REQUIRED WORK
What you should give back is every line from the one containing "然後卷起,再次蓋保鮮膜松弛20分鐘。" through the last line of the records below, word for word and without pictures.

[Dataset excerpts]
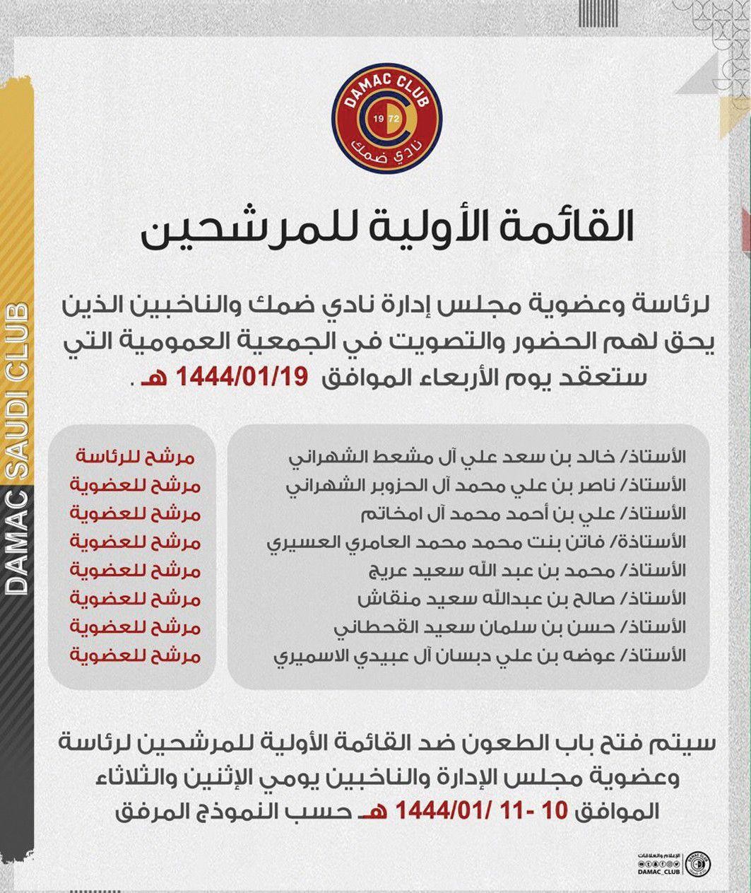 أعلنت اللجنة العامة لانتخابات الأندية الرياضية بوزارة الرياضة، القائمة الأولية للمرشحين لرئاسة وعضوية مجلس إدارة نادي ضمك، حيث تم استبعاد قائمة المرشح شاكر بن عوير من انتخابات رئاسة النادي. ونشر نادي ضمك عبر حسابه بموقع تويتر، القائمة التي ضمت خالد آل مشعط الشهراني كمرشح للرئاسة، وكلًا من ناصر آل الحزوبر الشهراني، علي أحمد آل امخاتم، فاتن محمد عسيري، محمد عبدالله عريج، صالح عبدالله منقاش، حسن سلمان القحطاني، عوضه علي الاسميري كمرشحين على عضوية المجلس.
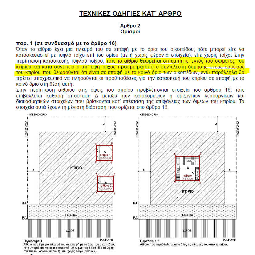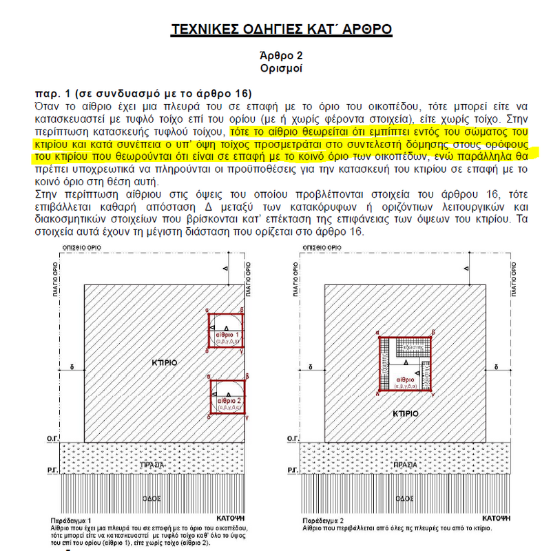 ΝΟΚ αρ. 2 παρ. 1. Αίθριο είναι το μη στεγασμένο τμήμα του κτιρίου, που περιβάλλεται από όλες τις πλευρές του από το κτίριο ή τα όρια του οικοπέδου, στο οποίο μπορούν να έχουν ανοίγματα, χώροι κύριας ή βοηθητικής χρήσης και εγγράφεται σε αυτό κύκλος διαμέτρου Δ. ΝΟΚ αρ. 2 παρ. 61. Περίγραμμα κτιρίου αποτελεί η προβολή επί του εδάφους όλων των χώρων του, που προσμετρώνται στην κάλυψη. ο ΑΗΧ μετράει σε κάλυψη άρα ναι αν εγγράφεται κύκλος διαμέτρου Δ θεωρείται αίθριο. Τι πρέπει να προσέξεις. Ο ΑΗΧ πρέπει να έχει άνοιγμα > 35% της περιμέτρου του (ΝΟΚ αρ. 2 παρ. 6) Τώρα από τις Τεχνικές Οδηγίες του ΝΟΚ επίσης πρέπει να προσέξεις τα εξής: 1η εικόνα: Οι τοίχοι μετράνε σε δόμηση και κάλυψη 2η εικόνα θες απόσταση Δ μπροστά από τον ΑΗΧ, ίσως σε επηρρεάζει και ο μισός τοίχος που φτιάχνεις στον αριστερά ΑΗΧ1 point
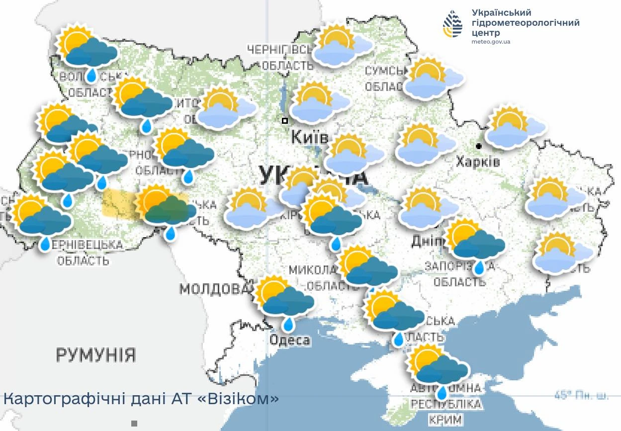 Деталі : В Україні хмарно з проясненнями. На заході та півдні країни невеликі дощі, на решті території без опадів. Вночі та вранці в Карпатах місцями туман.
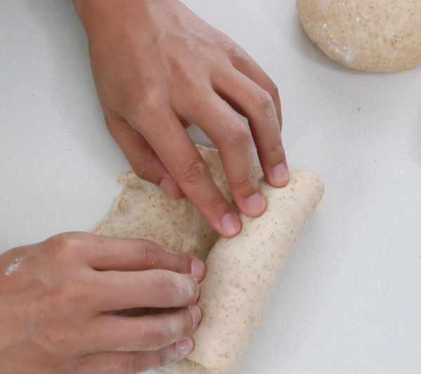 然後卷起,再次蓋保鮮膜松弛20分鐘。
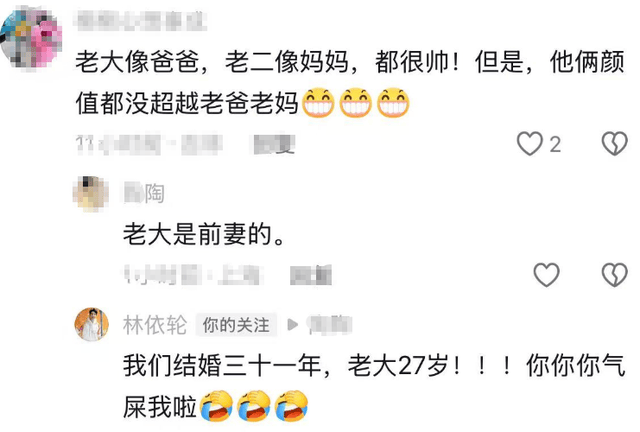而在这条评论下有网友还表示林依轮大儿子并不是他与西华生的,而是与前妻生的,没想到林依轮还回应了,他写道:“我们结婚三十一年,老大27岁,你气死我啦”,由此可见大儿子也是他和西华所生。

SOLVED EXERCISE
 然後卷起,再次蓋保鮮膜松弛20分鐘。
而在这条评论下有网友还表示林依轮大儿子并不是他与西华生的,而是与前妻生的,没想到林依轮还回应了,他写道:“我们结婚三十一年,老大27岁,你气死我啦”,由此可见大儿子也是他和西华所生。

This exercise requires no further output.